The work created by the Serbian team at Ebb Software is gruesome, both in what is seen and for what is heard. A cacophony of moans and other unsettling noises accompanies  an otherwise silent narrative. Instead, the story develops through the desperate deeds of the player character and their search for unlikely salvation against the backdrop of a desolate and monstrous world.
And yes, you read that right: The story of Scorn does not make use of any dialogue or documents to tell its tale. It simply happens as things unfold along a desperate path, one which sent me down the disturbing corridors of an enormous structure with (seemingly) alien design. I woke up in this mysterious place without understanding exactly how I had arrived there or how long I’d been there.

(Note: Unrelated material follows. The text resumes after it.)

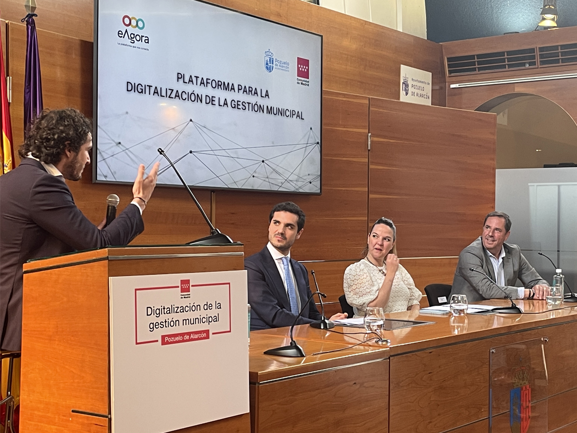• La Comunidad de Madrid ha lanzado la plataforma piloto eAgora, un espacio digital que permite a los ayuntamientos centralizar la gestión de servicios públicos como la reserva de espacios municipales (pistas deportivas, piscinas, teatro, agenda cultural y de ocio), la comunicación con la ciudadanía o la gestión de incidencias en la vía pública
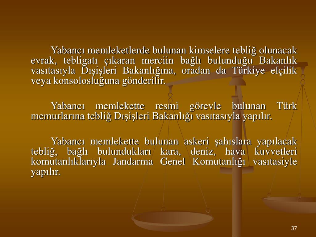 Yabancı Memlekette Bulunanlara Tebliğ (97) Yabancı memlekette bulunanlara tebliğ o memleketin yetkili makamı vasıtasiyle yapılır. Bunun için anlaşma varsa veya o memleketin kanunları müsait ise o yerdeki Türk siyasi memuru veya konsolosu tebliğin yapılmasını yetkili makamdan ister. Kendisine tebliğ yapılacak kişi Türk vatandaşı ise, tebliğ Türk siyasi memuru veya konsolosu vasıtasiyle de yapılabilir.

I was motivated by the faint hope that somewhere in this hellish construct, there could be a way out, that there may still be a normal world to return to, or that it was possible to escape from the horror that dripped from every inch of this scenario. Since the narration is purely visual, players can choose to give Scorn their own pace by moving more or less quickly, but the duration of the game itself should remain around six hours.
On the gameplay side, Scorn basically is a first-person adventure that hints at survival horror. For most of the introduction section of the game, there are no enemies or weapons; yet it is these first few hours that were the most traumatic. During the opening, I’m forced to lug around a pathetic life form that seems to have once been human on a cart...like some perverted skit in a Monty Python flick. This being will never failed to plead with its eyes and moans, making me certain I was going to have to sacrifice it in an excruciating way in order to progress.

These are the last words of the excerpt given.